周りが喧騒に包まれる中、一人だけ席に座ったまま、考え得るように宙を仰ぐ。
(…火…通常とは違う…雛形を捨てる…自分に合った…組み立て…最適化…むぅ)
難しい。流石に、今までの魔術の常識をポイ捨てするというのは難易度が高い。
それは、比較的理解力があっても変わらない事で。さて、どうしたものかと。
議論を交わしたり、既に実践を開始しようとしているほかの生徒を一瞥しながら考え込む。
(…何か切っ掛けがあれば…何だろう、何かが足りない?…そういえば、さっき見えた数式と図形…発火…ん?見立てる…)
ブツブツと呟きながら、唐突にその場から立ち上がる。そして、何やら一度目を閉じて一息。

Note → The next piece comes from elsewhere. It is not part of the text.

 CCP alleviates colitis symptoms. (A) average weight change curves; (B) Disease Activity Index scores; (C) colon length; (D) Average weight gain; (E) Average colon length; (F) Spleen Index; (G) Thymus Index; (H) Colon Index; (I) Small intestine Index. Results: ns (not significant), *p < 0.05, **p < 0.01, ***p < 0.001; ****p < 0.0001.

パチリ、と右目だけを開き一点を凝視する。頭の中で銃の撃鉄をガチリ、と起こす感覚をイメージ。
発砲…失敗。…再装填…発砲。…失敗。再装填…発砲。…失敗。
(違う、もっと明確に組み立てないと駄目だ。基準点は己の視界に設定するのはイイ線だとは思うけど)

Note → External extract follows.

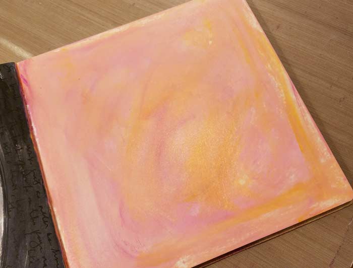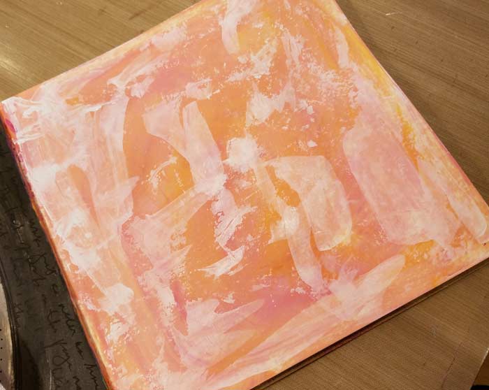 The background after a couple of applications of color. Also not what I had in mind. Gesso makes things better…

■ミラ > 「次回までの課題にする。最初は手こずるはず。そのうち慣れる
時間いっぱいまで適当に見て回る。」
わっさわっさと動くミミックの上に腰かけたまま
教室内を移動する姿はたいへんシュールだけれど
それを気にする生徒は今となっては殆どいない。
彼女が語る授業はこの世界における天才の視点を解説しているのだから。
魔術の才ありといわれる人物であればあるほどこの話を理解することが
どういったことに繋がるかを理解できるだろう。
雛型の創造者……この世界においてはそれだけで研究所に赴任できるような
役職を約束されるといっても過言ではないのだから。
同時に深い深い深淵への招待状でもあるわけだけれど。
そんなものを目の前にしていればミミックに座っていることなど些細なことだろう。
そうして誰に邪魔されるでもなく、目的の場所へとたどり着く。
どこか遠くを見ているような、少年の前に。
「……君にとっての"発火"はなに?
理解し、解説し、疑う
求められているのはこれだけ」
ぼそりと呟いてその前をのんびり通り抜けていく。